Alicia menggumamkan kata terima kasih sesudah ia memberikan struck pembayaran kepada pengunjung kafenya itu. Hari ini ia bertindak sebagai kasir di kafenya sendiri di karenakan pegawainya yang biasanya menempati posisi kasir tidak dapat bekerja hari ini. Sehingga untuk hari ini Alicia-lah yang mengambil alih tugas menangani pembayaran di kafenya. Gadis itu melirik jam di tangan kirinya. Ia sudah bekerja dari pagi hari dan ternyata cukup melelahkan bekerja sebagai kasir.

"Jika kau lelah beristirahatlah dulu.

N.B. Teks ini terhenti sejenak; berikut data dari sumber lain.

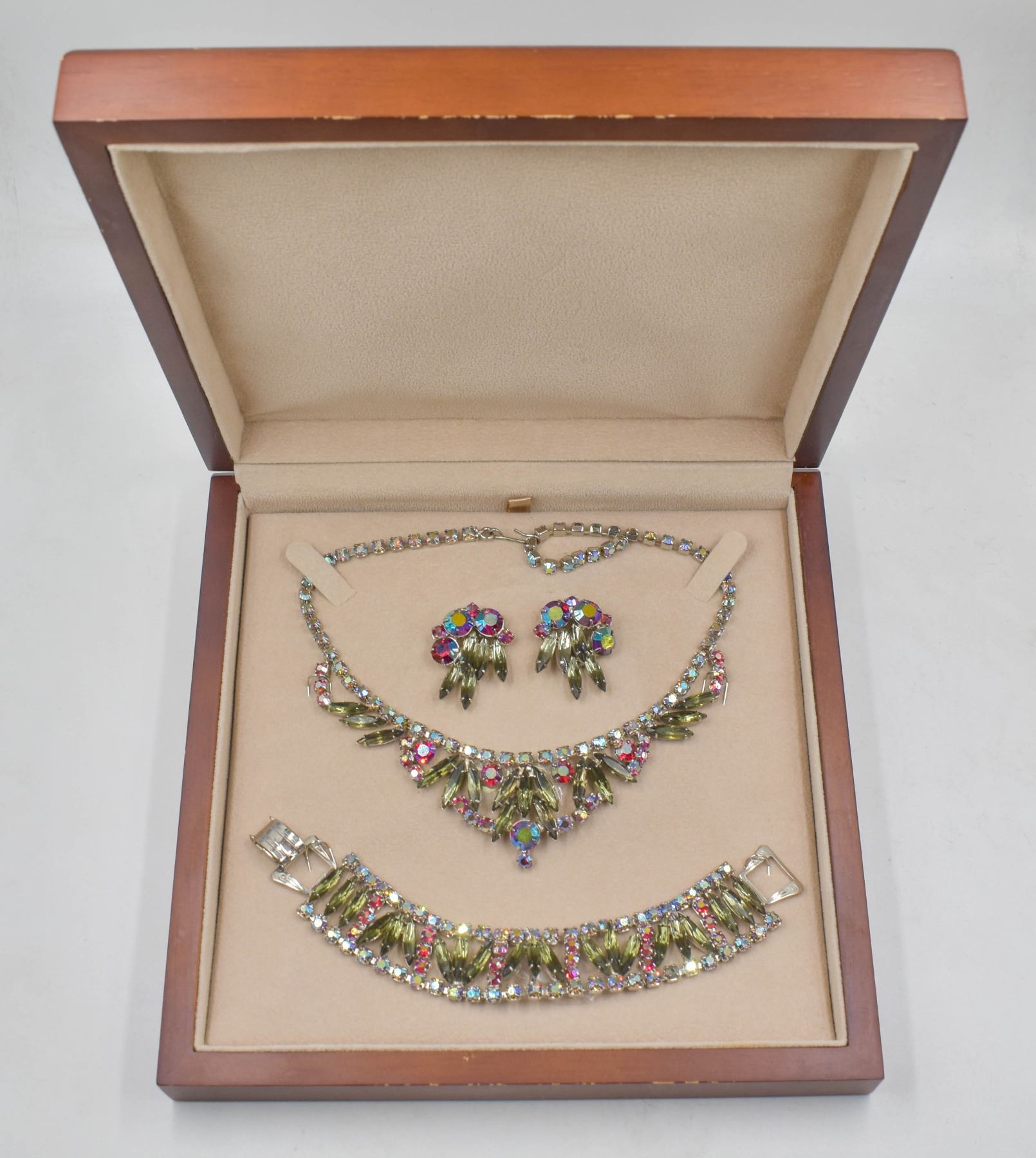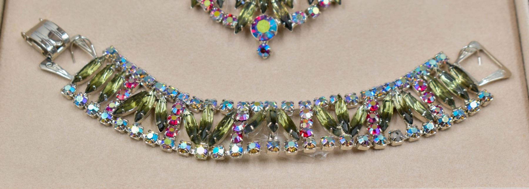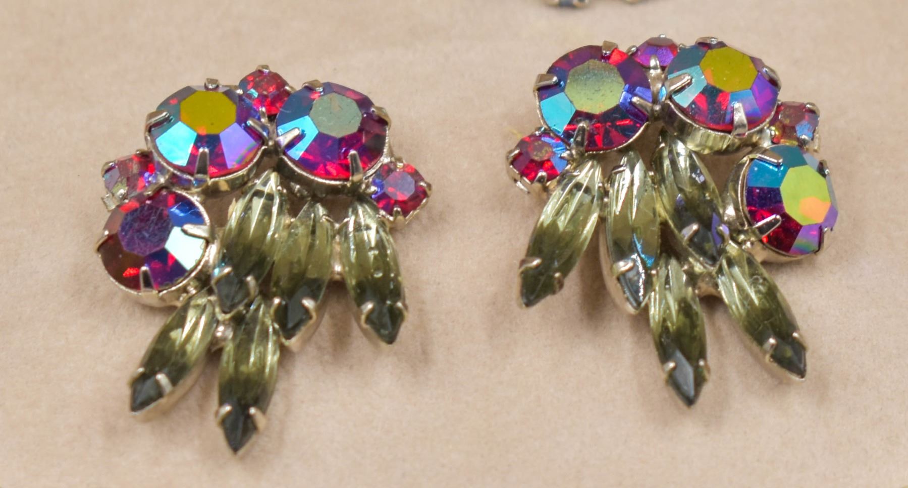- RED/PINK/BLUE (SIAM) & LIGHT MOSSY GREEN NAVETTE & ROUND RHINESTONES, NO MISSING STONES, EARRINGS ARE CLIP, IN A WOOD & VELVET JEWELRY CASE

Biar saya yang menggantikannya," papar salah satu pegawai kafe begitu menyadari raut lelah di wajah atasannya itu.

"Baiklah. Ini sudah hampir pukul enam. Sudah saatnya aku pulang," pegawainya itu mengangguk mengerti. Sementara Alicia langsung membalikkan badan dan berjalan meninggalkan meja kasir sampai satu suara menghentikan pergerakannya yang akan memasuki ruang istirahat. Kedua mata Alicia mendapati pria tampan yang sudah dua hari tidak dilihatnya itu berdiri beberapa langkah dari posisinya. Pria itu tersenyum melihat ekspresi kaget di wajah Alicia. Gadis itu termangu untuk beberapa saat. Bukan, bukan termangu tapi lebih tepatnya terpesona pada pria berjas di depannya itu. Karena terlalu terpesona hingga Alicia bahkan tidak menyadari Alvian sudah tepat di depan tubuhnya. Penampilan pria itu sudah berhasil melumpuhkan kinerja otak Alicia. Dengan setelan jas hitam yang melapisi kemeja putih benar-benar berhasil membuat Alicia menampilkan wajah bodohnya. Lihatlah, hingga detik ini pun gadis itu belum bisa mengalihkan tatapannya dari tubuh pria itu. Dan itu membuat Alvian terkikik geli untuk kesekian kalinya.

"Aku tidak menyangka kedatanganku kesini hanya disambut dengan wajah bodoh dari kekasihku. Ku kira akan ada sebuah pelukan hangat yang kudapat setelah dua hari tidak bertemu," ucap Alvian di iringi senyum di wajahnya. Alicia menganggap perkataan Alvian hanya sebuah gurauan. Tapi di lain sisi Alvian sungguh-sungguh dengan ucapannya. Ia tengah mengharapkan sebuah pelukan dari kekasihnya itu. Hal yang terjadi di detik selanjutnya benar-benat membuat Alicia geram sekaligus senang. Alvian merengkuh dirinya tanpa berkata-kata lagi. Sedikit kesal dengan prilaku Alvian yang berhasil membuat mereka menjadi tontonan pegawai Alicia. Tapi tak di sangkalnya bahwa ia pun merasa bahagia bisa memeluk tubuh pria itu. Terutama bahagia karena pria itu masih mengingat dirinya meski ia telah kembali pada kehidupannya yang sebenarnya.